Would you transcribe the listing that follows word for word, skipping pictures?

[GIVEN DATA — start]

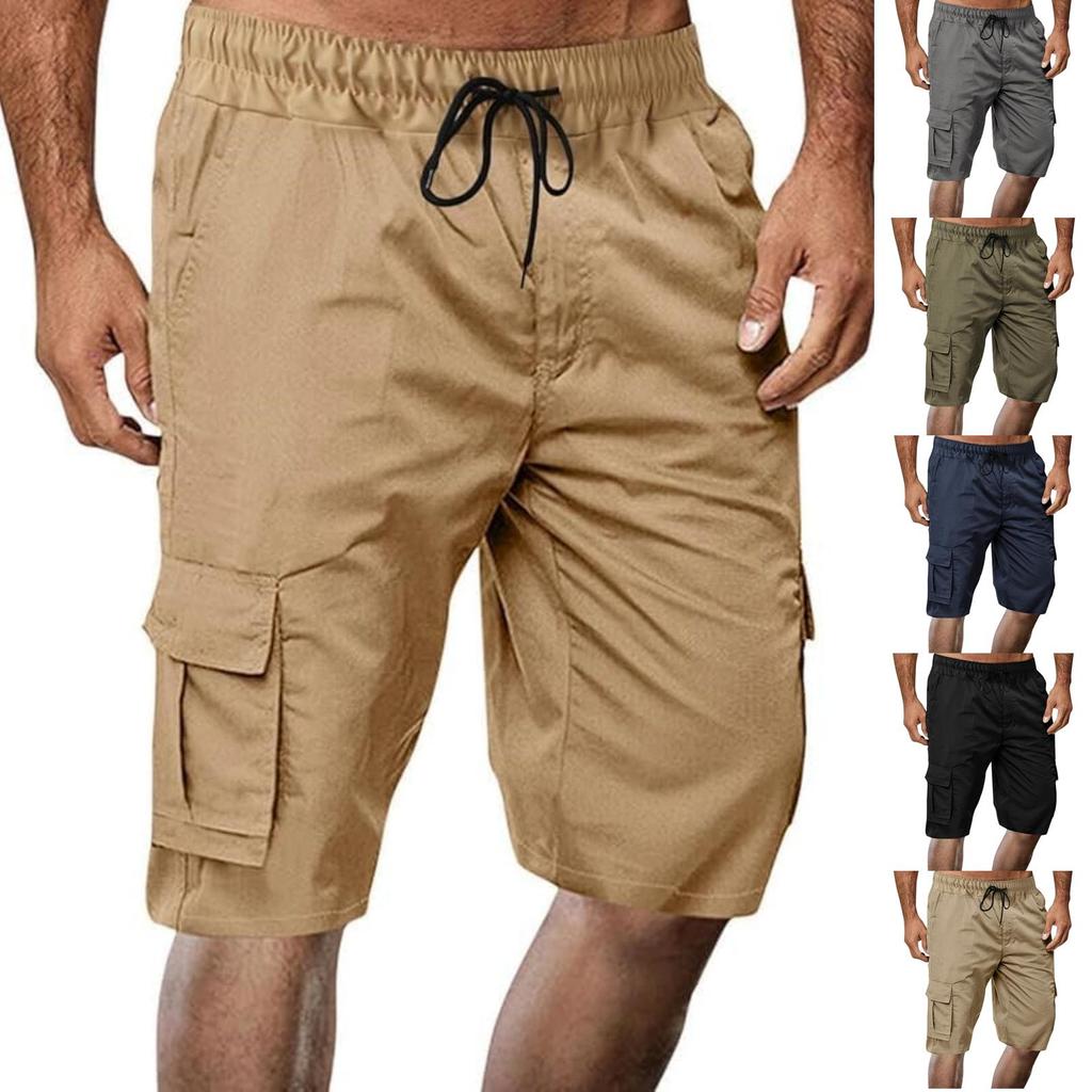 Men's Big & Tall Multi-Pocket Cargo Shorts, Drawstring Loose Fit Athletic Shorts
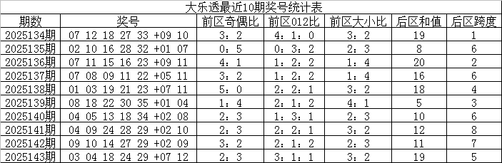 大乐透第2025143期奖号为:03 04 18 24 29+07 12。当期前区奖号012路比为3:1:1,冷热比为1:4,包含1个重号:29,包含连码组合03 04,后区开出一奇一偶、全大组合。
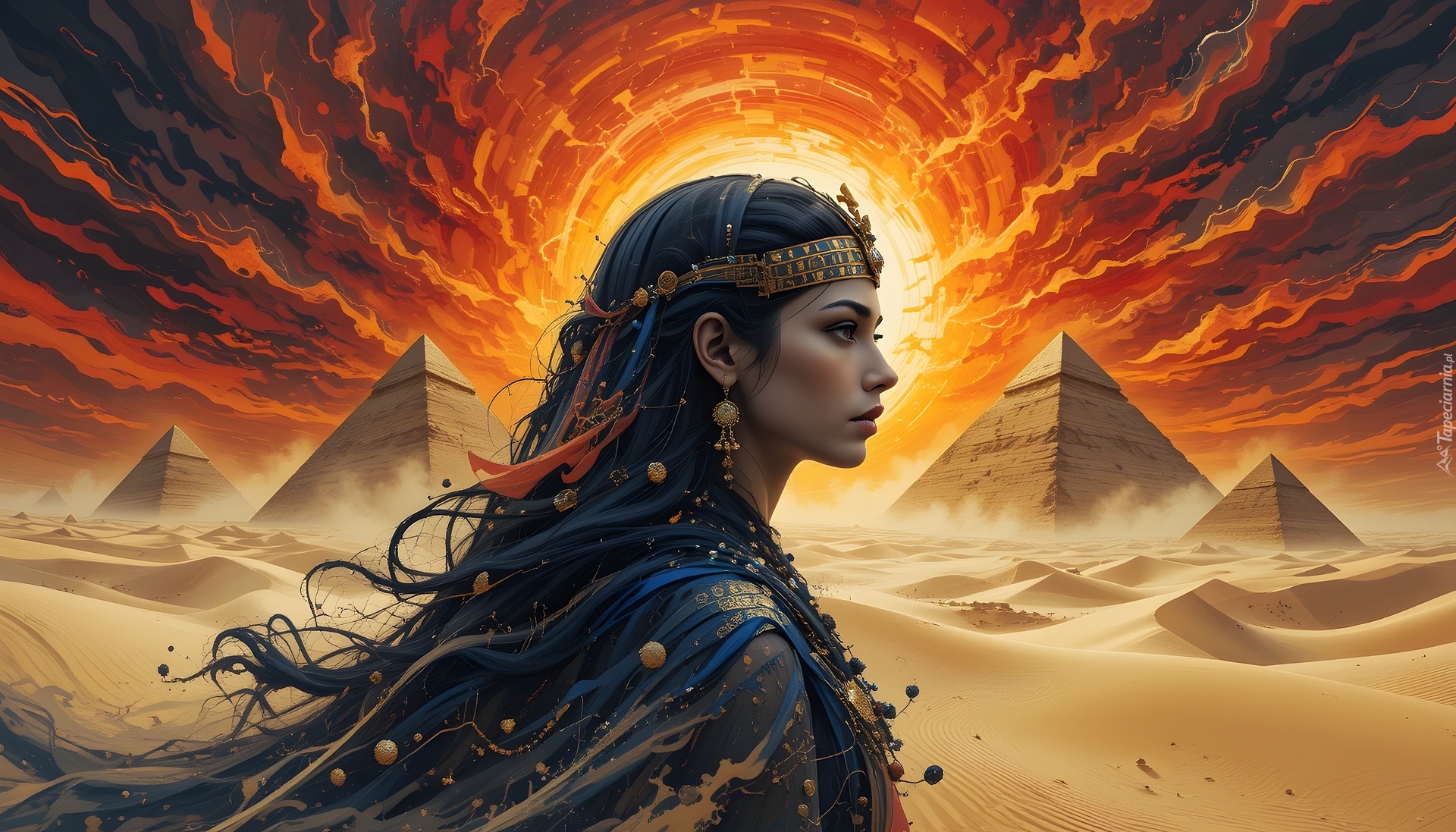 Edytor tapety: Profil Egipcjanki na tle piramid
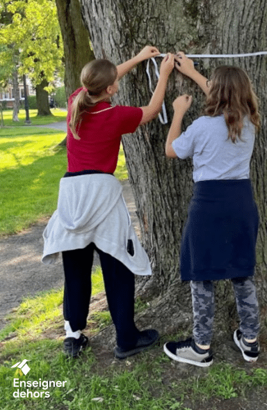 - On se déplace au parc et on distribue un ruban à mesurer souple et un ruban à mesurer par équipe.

[GIVEN DATA — finish]

### RESULT OF THIS TASK:
 Men's Big & Tall Multi-Pocket Cargo Shorts, Drawstring Loose Fit Athletic Shorts
 大乐透第2025143期奖号为:03 04 18 24 29+07 12。当期前区奖号012路比为3:1:1,冷热比为1:4,包含1个重号:29,包含连码组合03 04,后区开出一奇一偶、全大组合。
 Edytor tapety: Profil Egipcjanki na tle piramid
 - On se déplace au parc et on distribue un ruban à mesurer souple et un ruban à mesurer par équipe.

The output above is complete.